RIYADH - Saudi King Abdullah opened the annual summit of Gulf leaders on Saturday with a warning that the Arab world was like a powder keg waiting to explode, citing the situation in the Palestinian territories, Iraq and Lebanon.
"Our Arab region is besieged by a number of dangers, as if it was a powder keg waiting for a spark to explode," he told the rulers of the oil-rich monarchies gathered in Riyadh for a two-day meeting.
The Palestinians were reeling from "a hostile and ugly occupation" by Israel while the international community watched their "bloody tragedy like a spectator," Abdullah said.

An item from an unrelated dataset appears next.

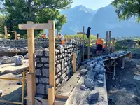 Bei der Brückeninstandsetzung an der Plessur in Litzirüti wurde das Mauerwerk teilweise saniert und teilweise neu gebaut – dazu wurde der Fixit 583 Natursteinmörtel zum Einsatz.

But "most dangerous for the (Palestinian) cause is the conflict among brethren," he said in a reference to the differences between Palestinian president Mahmud Abbas' Fatah faction and the Islamist Hamas movement that have hampered efforts to form a unity government.
In Iraq "a brother is still killing his brother," Abdullah said of the mounting sectarian violence pitting Sunnis against Shiites.
Abdullah also warned that Lebanon, which was rocked by civil war in 1975-1990, risked sliding into renewed civil strife as a result of the current standoff between pro- and anti-Syrian camps.
"In Lebanon, we see dark clouds threatening the unity of the homeland, which risks sliding again into... conflict among the sons of the same country," he said.
The heads of state of Gulf Cooperation Council members Bahrain, Kuwait, Oman, Qatar and the United Arab Emirates were present alongside the Saudi monarch, the first time in several years that all six rulers have attended the bloc's year-end summit.